An innovation that first appeared in 1956, and lasted until 1966, was the push-button transmission. I remember my oldest brother had a Plymouth from the early 60’s that had it.
The pushbutton transmission was available in two incarnations: mechanical (pretty darned reliable) and electrical (extremely unreliable).
Packard introduced it with their 1956 Caribbean. It was the electrical one, and it had problems. If you parked on a steep hill, the shifting motor would lock up trying to get the car out of Park. It would trip a breaker, and you would be stuck. To make matters worse, when Packard’s production ceased that year, the manufacturers of the shifting mechanism destroyed the tooling. Replacement parts became impossible to obtain.
The king of the boneheaded electrical shifters was the Edsel. Not only did the shifter have lots of problems, they mounted the buttons in the middle of the steering wheel! Guess what would would happen when drivers made an emergency move for the horn.

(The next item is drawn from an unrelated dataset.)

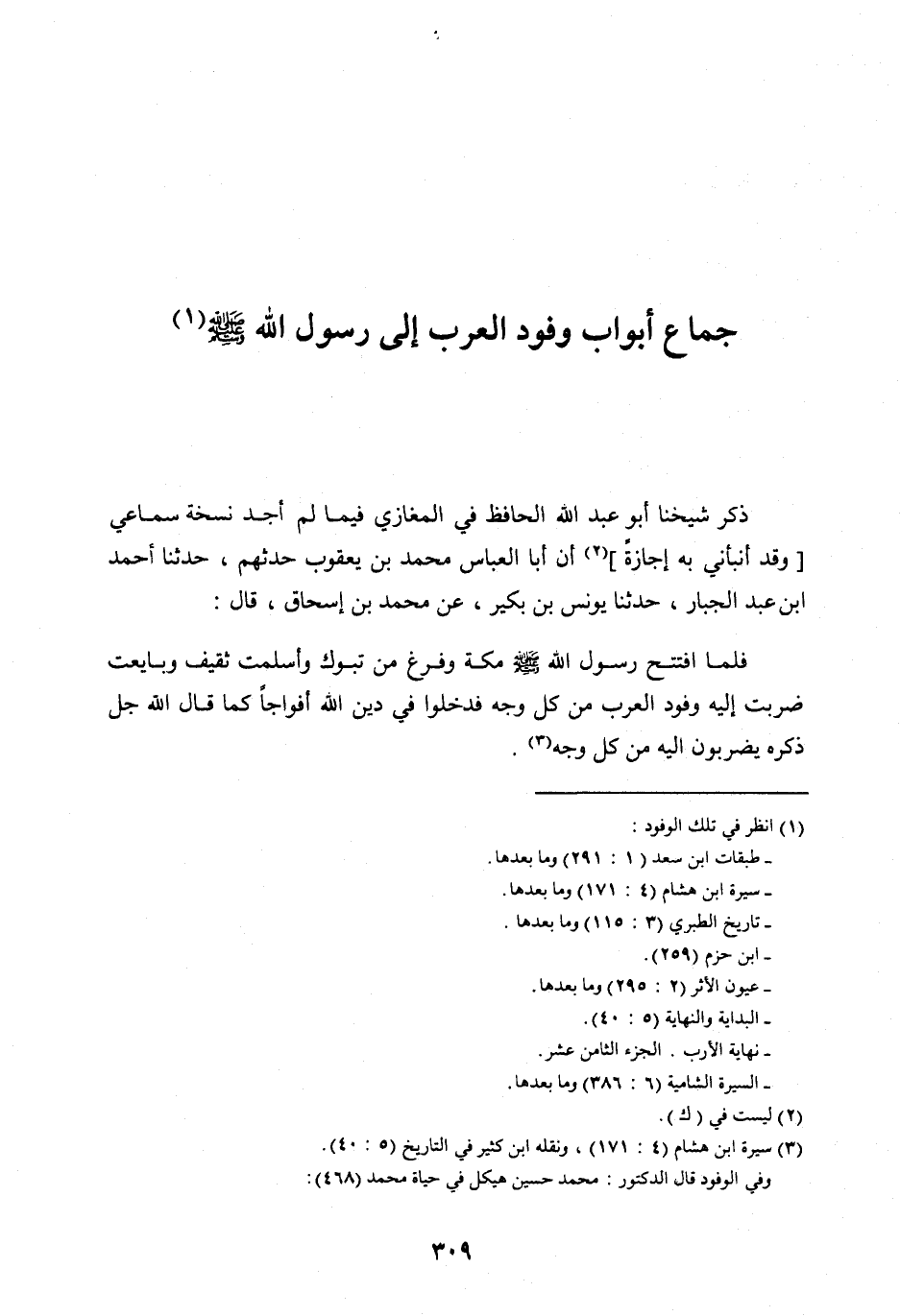 جُمَّاعُ أَبْوَابِ وُفُودِ الْعَرَبِ إِلَى رَسُولِ اللهِ صَلَّى اللهُ عَلَيْهِ وَسَلَّمَ [ (1) ]

The most reliable shifters were in the Chryslers, Dodges, and Plymouths. They used mecahnical linkage to engage the various gears. In 1956, the Neutral button even started the car! You pushed it all the way in and it would engage the starter motor. A vacuum switch was supposed to disengage the motor contacts while the engine was running, but if it failed, you could grind your starter by pushing the Neutral button too hard.
The pushbuttons were like the Dallas Cowboys: people either loved them or hated them. Aficionados would make sure that the cars they bought had them, building product loyalty for Chrysler Motors.

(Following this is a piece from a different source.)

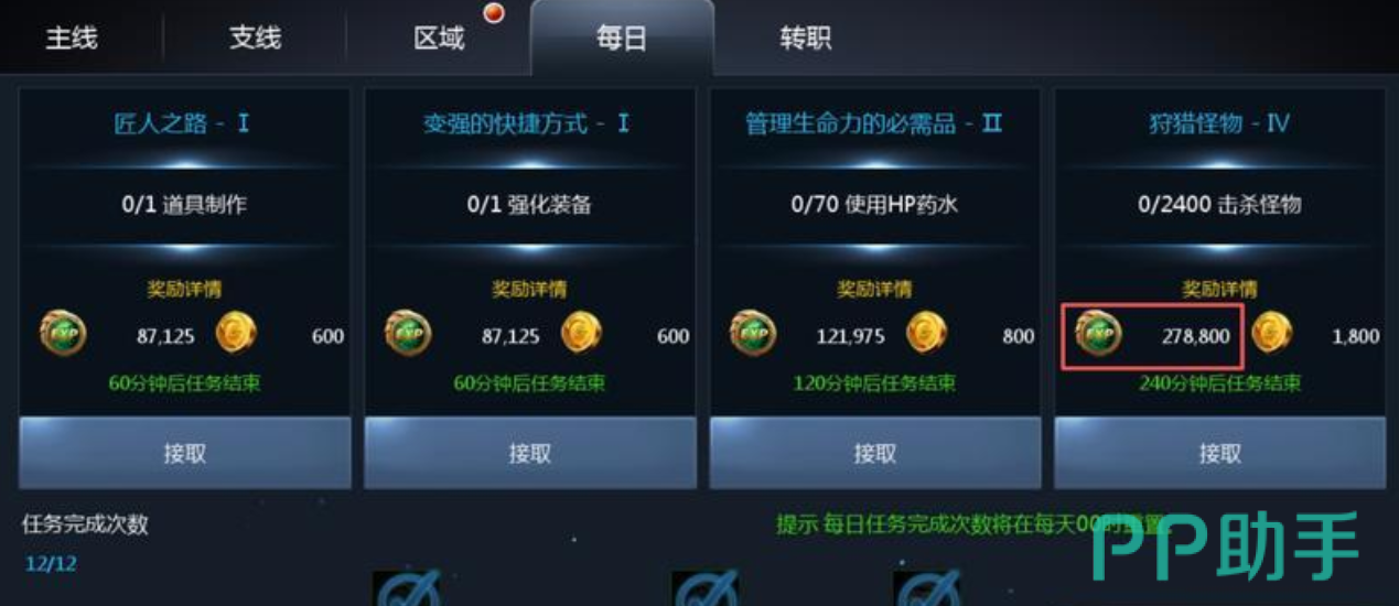 日常任务每日上限为12次,建议优先完成经验产出最高的任务类型;若遭遇战力不足导致失败,可直接消耗金币一键扫荡,避免无效耗时。切忌在低回报任务上反复尝试。区域任务是挂机练级的理想选择,每日完成10次后,再集中处理其他任务链。等级偏低时,推荐挑战3~5档难度的怪物,确保任务次数清空效率;当角色等级提升、资源积累趋于稳定后,可转向PVP战区承接种族任务,在击败敌对单位的同时获取高阶经验奖励。

The pushbutton option never really set the world on fire, though. In 1966 or thereabouts, the government’s General Services Administration declared that any autos for government usage would have either column- or floor-mounted shifters. Chrysler dropped pushbuttons on the spot.
Today, pushbutton transmissions and the strange problems they would have (buttons pushed all the way into the dash assembly weren’t uncommon) are a distant memory.
I have a 1961 Dodge Polara and the. Transmission always overflows. And leaks. Is this common.
My first car was a 63 Dodge Dart with pushbutton transmission. Bought it for $35, sold it 4 years later for $200.
The transmission buttons often got pushed into the dash, which was a real menace when you were trying to rock a stuck car out of a snowbank. I finally epoxied the buttons to the metal fingers they fit into.
No transmission leaks on that car, George, but the brake line developed a chronic leak and my uncle doesn’t the weekend teaching me how to replace the brakelines.